LISTED ENTRIES below:

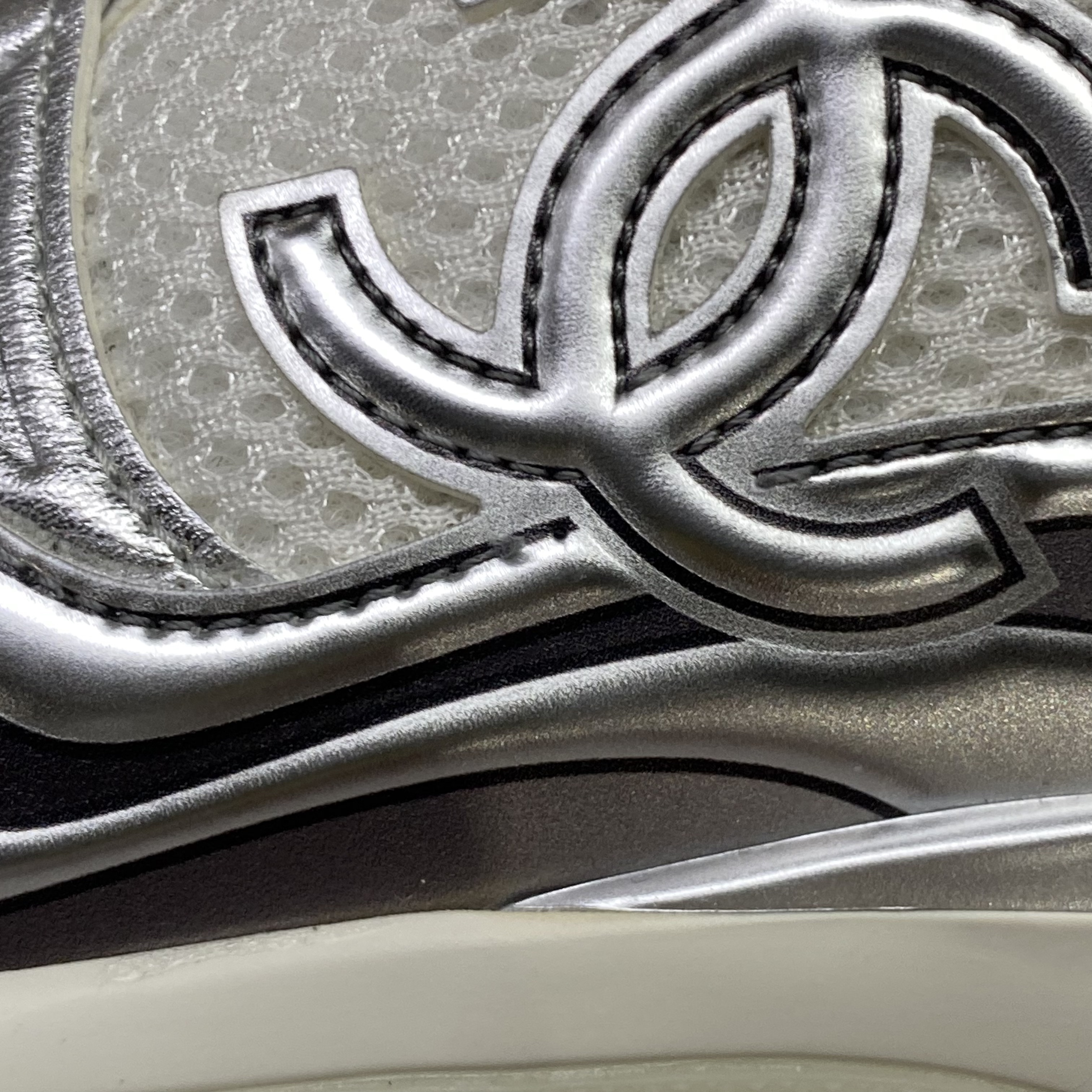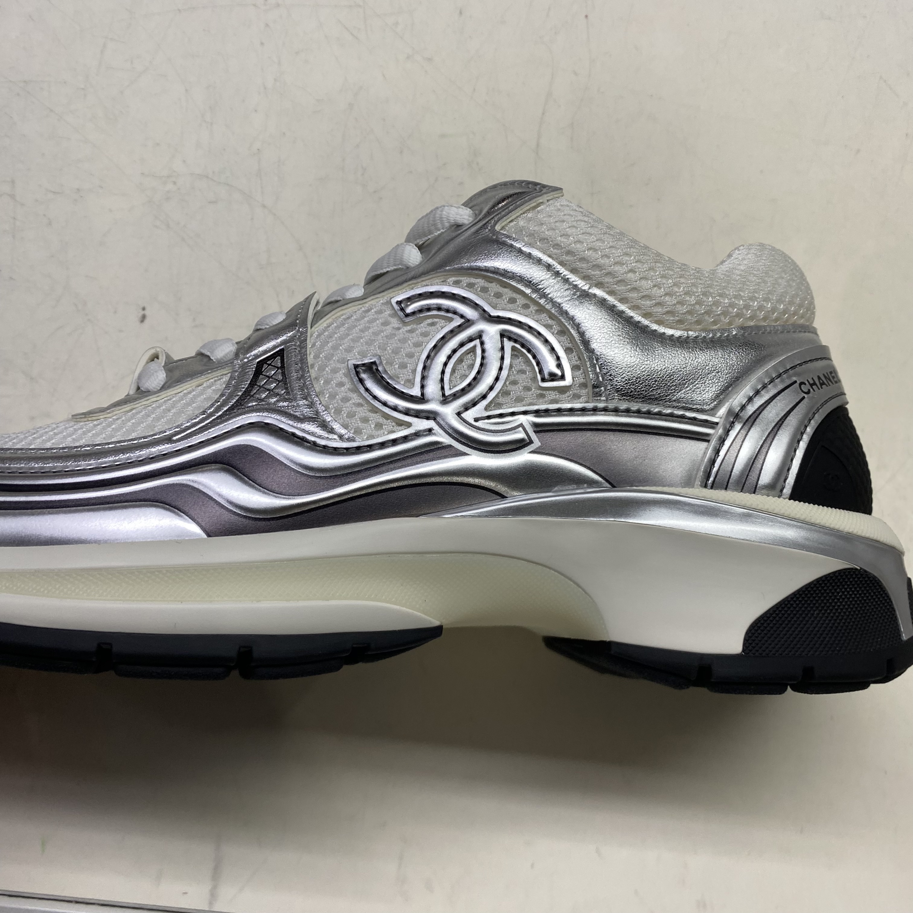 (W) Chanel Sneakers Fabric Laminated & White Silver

End of LISTED ENTRIES.
LISTED ENTRIES below:

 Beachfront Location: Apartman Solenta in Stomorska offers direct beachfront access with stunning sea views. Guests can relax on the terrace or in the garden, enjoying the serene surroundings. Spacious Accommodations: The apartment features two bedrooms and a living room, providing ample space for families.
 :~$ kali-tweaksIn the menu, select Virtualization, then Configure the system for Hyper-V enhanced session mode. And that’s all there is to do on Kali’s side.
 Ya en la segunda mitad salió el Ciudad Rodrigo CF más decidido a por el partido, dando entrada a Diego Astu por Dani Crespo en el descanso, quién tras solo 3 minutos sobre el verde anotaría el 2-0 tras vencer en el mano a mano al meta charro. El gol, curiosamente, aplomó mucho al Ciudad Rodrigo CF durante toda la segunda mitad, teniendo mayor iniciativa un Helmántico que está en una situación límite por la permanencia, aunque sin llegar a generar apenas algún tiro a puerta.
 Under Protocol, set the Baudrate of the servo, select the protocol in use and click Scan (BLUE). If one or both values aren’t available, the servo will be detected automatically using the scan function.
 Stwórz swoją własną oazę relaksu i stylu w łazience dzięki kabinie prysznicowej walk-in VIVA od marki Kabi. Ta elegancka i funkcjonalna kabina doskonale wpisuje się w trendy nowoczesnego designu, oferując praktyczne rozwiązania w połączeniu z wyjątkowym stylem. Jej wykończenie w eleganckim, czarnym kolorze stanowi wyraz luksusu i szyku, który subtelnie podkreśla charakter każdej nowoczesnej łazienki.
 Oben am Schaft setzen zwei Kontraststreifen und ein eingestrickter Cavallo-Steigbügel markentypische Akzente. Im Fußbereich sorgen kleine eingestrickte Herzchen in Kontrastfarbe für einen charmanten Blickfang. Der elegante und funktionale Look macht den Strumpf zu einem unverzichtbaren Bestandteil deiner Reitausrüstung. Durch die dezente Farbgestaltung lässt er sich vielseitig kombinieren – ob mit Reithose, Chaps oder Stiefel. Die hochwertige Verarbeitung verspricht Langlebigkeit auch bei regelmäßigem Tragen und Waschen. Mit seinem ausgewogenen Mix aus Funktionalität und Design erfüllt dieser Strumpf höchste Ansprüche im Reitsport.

End of LISTED ENTRIES.

### WHAT YOU ARE ASKED TO DO:
Copy only this part of the entries above: the line with "Stwórz swoją własną", the line with "Oben am Schaft", and the lines between, all exactly as written.

### FINISHED EXERCISE:
 Stwórz swoją własną oazę relaksu i stylu w łazience dzięki kabinie prysznicowej walk-in VIVA od marki Kabi. Ta elegancka i funkcjonalna kabina doskonale wpisuje się w trendy nowoczesnego designu, oferując praktyczne rozwiązania w połączeniu z wyjątkowym stylem. Jej wykończenie w eleganckim, czarnym kolorze stanowi wyraz luksusu i szyku, który subtelnie podkreśla charakter każdej nowoczesnej łazienki.
 Oben am Schaft setzen zwei Kontraststreifen und ein eingestrickter Cavallo-Steigbügel markentypische Akzente. Im Fußbereich sorgen kleine eingestrickte Herzchen in Kontrastfarbe für einen charmanten Blickfang. Der elegante und funktionale Look macht den Strumpf zu einem unverzichtbaren Bestandteil deiner Reitausrüstung. Durch die dezente Farbgestaltung lässt er sich vielseitig kombinieren – ob mit Reithose, Chaps oder Stiefel. Die hochwertige Verarbeitung verspricht Langlebigkeit auch bei regelmäßigem Tragen und Waschen. Mit seinem ausgewogenen Mix aus Funktionalität und Design erfüllt dieser Strumpf höchste Ansprüche im Reitsport.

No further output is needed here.